ExIFFI and EIF+ Tutorial Notebook¶
This notebook is intended to provide a tutorial on the usage of the EIF+ and ExIFFI algorithms introduced in the paper ExIFFI and EIF+: Interpretability and Enhanced Generalizability to Extend the Extended Isolation Forest.
It is possible to recreate the conda environment with all the dependencies needed to run this notebook from the exiffi_env.yml file using the following command:
conda env create -f exiffi_env.yml
Import needed packages
import os
import sys
sys.path.append('../')
from utils_reboot.datasets import Dataset
from utils_reboot.utils import *
from utils_reboot.experiments import *
from utils_reboot.plots import *
from model_reboot import *
import numpy as np
2024-05-10 09:37:01.993643: I tensorflow/core/platform/cpu_feature_guard.cc:182] This TensorFlow binary is optimized to use available CPU instructions in performance-critical operations. To enable the following instructions: SSE4.1 SSE4.2 AVX AVX2 AVX_VNNI FMA, in other operations, rebuild TensorFlow with the appropriate compiler flags.
Import Data¶
Set up some useful paths
os.chdir('../')
cwd=os.getcwd()
data_syn_path=cwd+'/data/syn/'
data_real_path=cwd+'/data/real/'
experiment_path=cwd+'/experiments/results'
Import the dataset using the Dataset class from the datasets module. If the dataset has more than 7500 samples it will be downsampled to 7500 samples.
For this example we will use the wine Real World Dataset. To change the dataset change the first argument of the Dataset class to the desired dataset name. The dataset names correspond to the names of the files contained in data/real/ or data/syn folders.
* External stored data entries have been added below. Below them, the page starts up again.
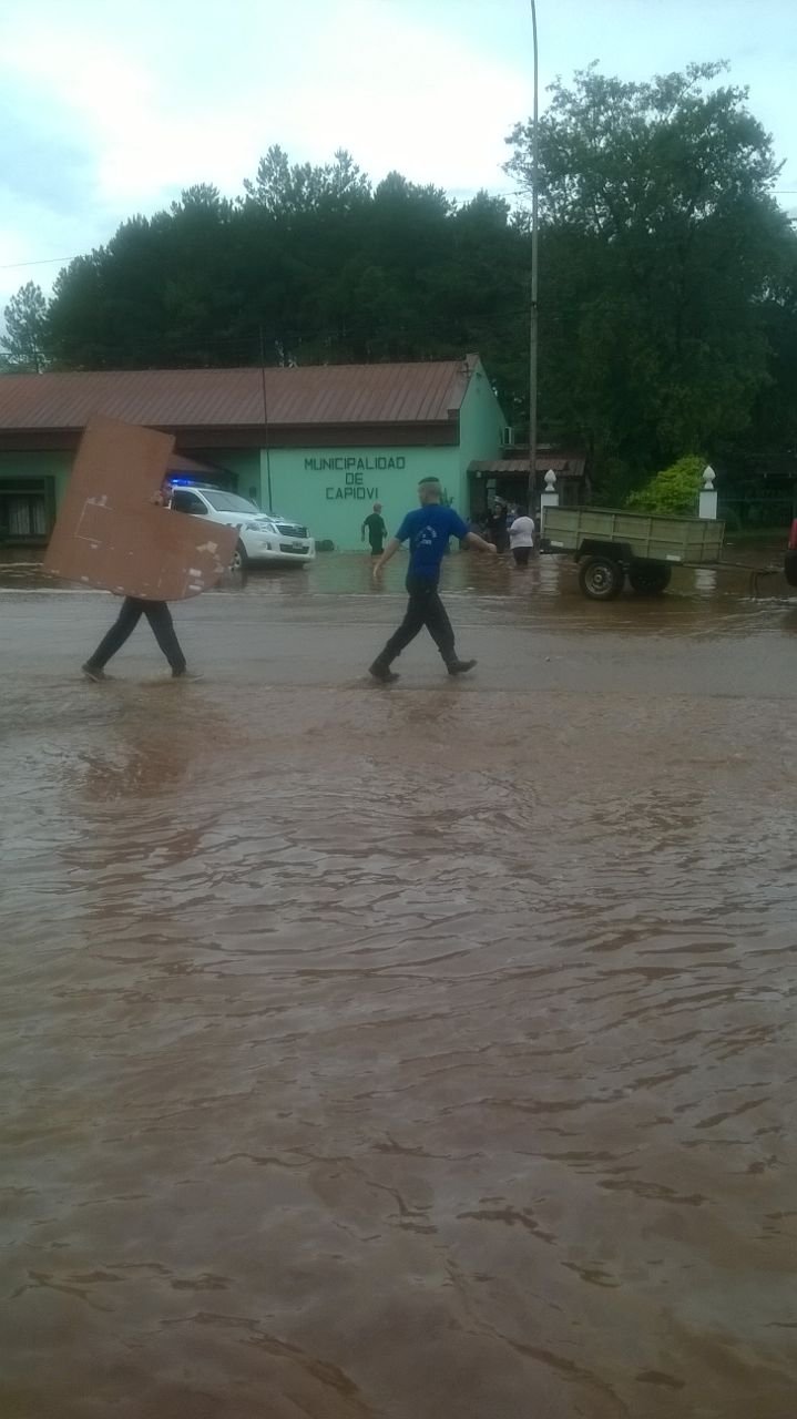La municipalidad de Capioví, sobre la ruta 12 (una de las colectoras) quedó tapada con más de medio metro de agua y los empleados y vecinos se movieron para evacuar documentos y otros elementos.
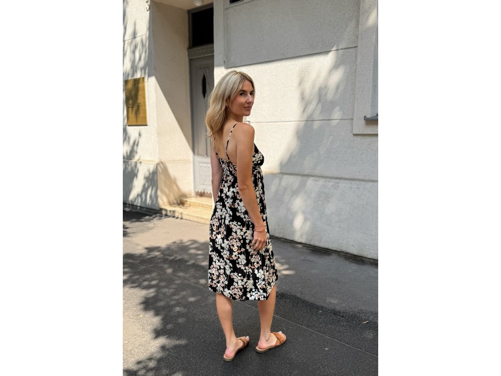 Midi šaty s kytičkami a tenkými nastavitelnými ramínky.
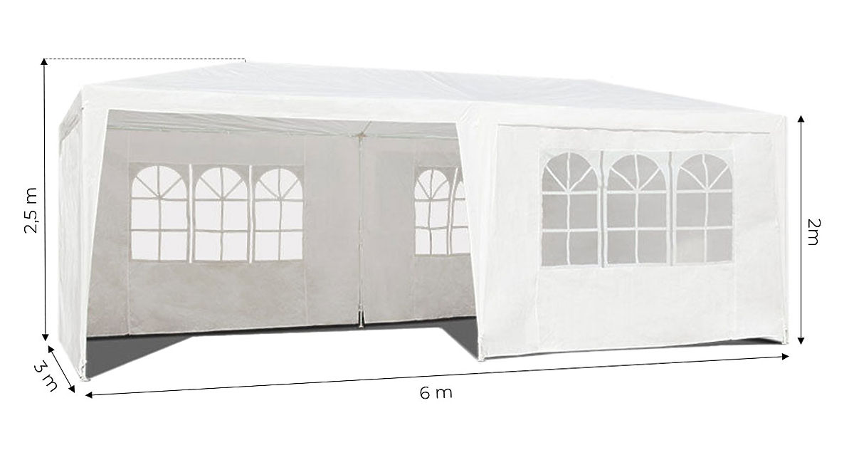 Der Gartenpavillon MultiGarden verwandelt ihren Garten in einen idealen Ort für besondere Treffen. Dank der großzügigen Abmessungen von 3x6x2,5 m bietet er komfortablen Raum für die Organisation von Outdoor-Events wie Bankette, Hochzeiten, Taufen, Familientreffen im größeren Kreis. Der Pavillon schützt effektiv vor Sonne und Regen, schafft eine gemütliche Atmosphäre, in der Sie und Ihre Gäste die gemeinsame Zeit unabhängig vom Wetter genießen können. Die großen Abmessungen garantieren volle Freiheit für Ihre Gäste, und korrekt montierte Wände schaffen eine belüftete, schattige Zone im Garten.

dataset = Dataset('wine', path = data_real_path, feature_names_filepath='data/')
dataset.drop_duplicates()
if dataset.shape[0] > 7500:
dataset.downsample(max_samples=7500)
Select Scenario and pre_process¶
- Scenario 1 → Train and test on the entire dataset
- Scenario 2 → Train solely on the inliers and test on the entire dataset
Suggestion: Pre process the dataset for Real Word datasets (contained in /data/real) and do not pre process Synthetic datasets (contained in /data/syn)
scenario=select_pre_process_scenario(dataset)
Dataset pre processed Scenario: 2 X_train shape: (119, 13) X_test shape: (129, 13)
Define EIF+ model¶
For the sake of this example we will use the EIF+ model with the default parameters. For all the details about the input parameters please refer to the ExtendedIsolationForest class contained in model_reboot/EIF_reboot.py or to the Models section in the documentation.
I=ExtendedIsolationForest(1)
Performance Metrics Computation¶
Exploiting the performance function it is possible to obtain a Classification report for the input dataset and the EIF+ model. The resulting values may be sligthly different from the ones reported on the paper because of the intrinsic stochasticity in the EIF+ model.
I.fit(dataset.X_train)
score=I.predict(dataset.X_test)
y_pred=I._predict(dataset.X_test,p=dataset.perc_outliers)
performance_metrics,_=performance(y_pred=y_pred,
y_true=dataset.y_test,
score=score,
I=I,
model_name=I.name,
dataset=dataset,
contamination=dataset.perc_outliers,
scenario=scenario,
save=False)
performance_metrics.T
100%|██████████| 10/10 [00:03<00:00, 2.87it/s]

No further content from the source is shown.